=== Source material ===
▬▬▬

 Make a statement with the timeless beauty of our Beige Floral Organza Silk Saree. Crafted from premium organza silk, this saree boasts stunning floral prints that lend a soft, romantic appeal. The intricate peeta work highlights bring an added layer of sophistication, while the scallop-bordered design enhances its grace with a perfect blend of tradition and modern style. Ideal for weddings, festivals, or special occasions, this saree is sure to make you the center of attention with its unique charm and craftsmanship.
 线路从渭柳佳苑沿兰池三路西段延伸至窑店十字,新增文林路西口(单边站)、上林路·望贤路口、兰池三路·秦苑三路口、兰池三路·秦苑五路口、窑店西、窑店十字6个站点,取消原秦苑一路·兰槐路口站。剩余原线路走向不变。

▬▬▬

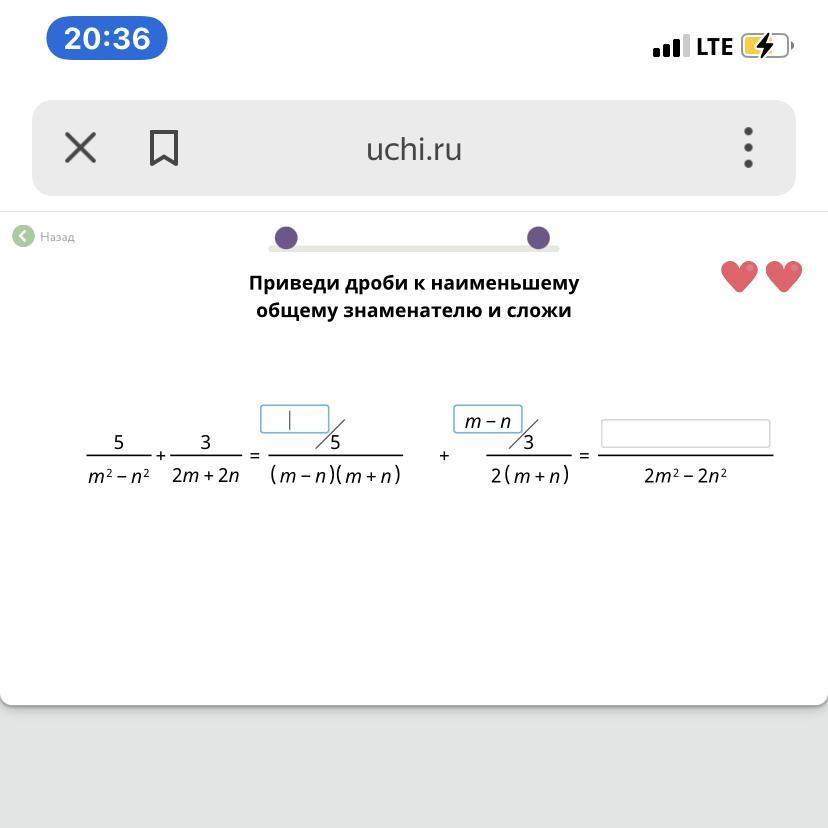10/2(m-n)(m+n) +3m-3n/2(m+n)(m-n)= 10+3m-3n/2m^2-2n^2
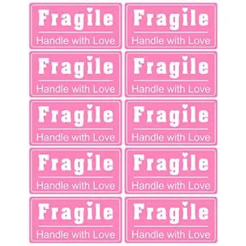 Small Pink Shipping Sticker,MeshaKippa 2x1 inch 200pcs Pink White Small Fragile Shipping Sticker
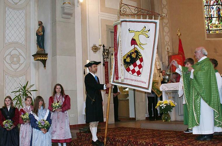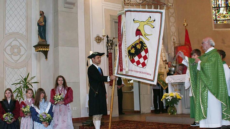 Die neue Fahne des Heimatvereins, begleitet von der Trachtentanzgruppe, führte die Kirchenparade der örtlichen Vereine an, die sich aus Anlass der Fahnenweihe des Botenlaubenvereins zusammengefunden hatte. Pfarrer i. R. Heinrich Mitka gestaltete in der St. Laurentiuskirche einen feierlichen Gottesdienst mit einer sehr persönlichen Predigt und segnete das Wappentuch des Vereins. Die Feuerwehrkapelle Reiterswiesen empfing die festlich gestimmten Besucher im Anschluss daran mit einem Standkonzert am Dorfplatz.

▬▬▬

=== Exercise instructions ===
Those lines of the records above that run from the one containing "10/2(m-n)(m+n) +3m-3n/2(m+n)(m-n)= 10+3m-3n/2m^2-2n^2" through the one containing "Die neue Fahne" should be returned exactly, with no pictures among them.

=== Written answer ===
10/2(m-n)(m+n) +3m-3n/2(m+n)(m-n)= 10+3m-3n/2m^2-2n^2
 Small Pink Shipping Sticker,MeshaKippa 2x1 inch 200pcs Pink White Small Fragile Shipping Sticker
 Die neue Fahne des Heimatvereins, begleitet von der Trachtentanzgruppe, führte die Kirchenparade der örtlichen Vereine an, die sich aus Anlass der Fahnenweihe des Botenlaubenvereins zusammengefunden hatte. Pfarrer i. R. Heinrich Mitka gestaltete in der St. Laurentiuskirche einen feierlichen Gottesdienst mit einer sehr persönlichen Predigt und segnete das Wappentuch des Vereins. Die Feuerwehrkapelle Reiterswiesen empfing die festlich gestimmten Besucher im Anschluss daran mit einem Standkonzert am Dorfplatz.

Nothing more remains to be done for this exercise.